KEY Libraries was founded in 2007 by Rita Field-Marsham to address gaps in access to functional school libraries in Kenyan public schools, particularly in under-resourced and low-income communities in both urban and rural areas. The organization's work focuses on strengthening school libraries within the formal education ecosystem and supporting librarians as facilitators of reading, digital literacy, and learning.

== Programs and operations ==
Knowledge Empowering Youth (KEY Libraries ) works with schools and local and international organizations in Kenya to support school and community library development, educational resources, and librarian training.

The organization's library model includes print and digital collections, a library management system, learning technologies, learning technologies, and designed learning spaces and programs that support literacy, digital skills, and civic education.

In 2023, KEY Libraries launched a professional development workshop for school librarians, bringing together librarians and education stakeholders from across Kenya through partnerships with the Kenya Library Association, the Kenya National Library Service, and the Goethe-Institute Nairobi. The workshop also included participation from faculty of Florida State University College of Communication and Information.

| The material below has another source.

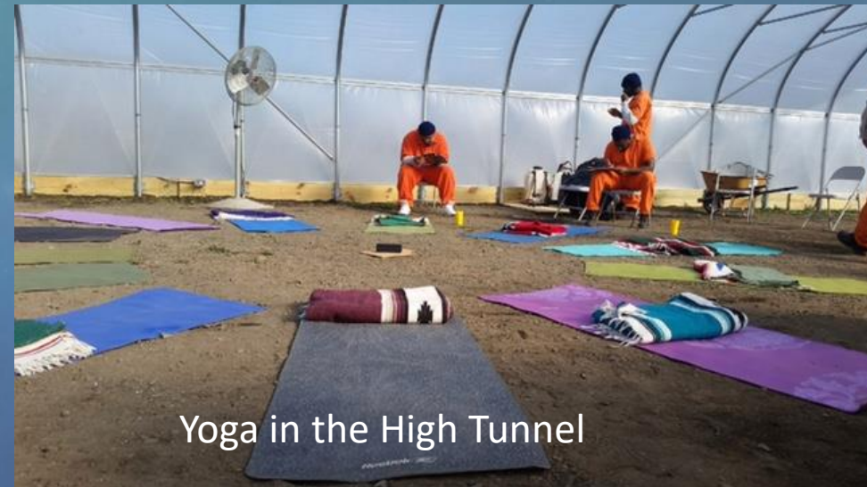
Yoga in the High Tunnel

== Recognition and awards ==
In 2025, KEY Libraries was named a Successful Practices Honoree by the Library of Congress Literacy Awards Program, which recognizes nonprofit organizations that have made noteworthy contributions to increasing literacy and promoting reading through replicable strategies.

Libraries supported by KEY in Kenya have also received recognition through Kenya's Maktaba Awards (Library of the Year Award).

== Policy context and advocacy ==
KEY Libraries model is aligned with Kenya's national framework for libraries, including the National Policy on Libraries (2022) and the draft Libraries of Kenya Bill (2022), which address access to information, digital literacy, and the role of libraries within education systems.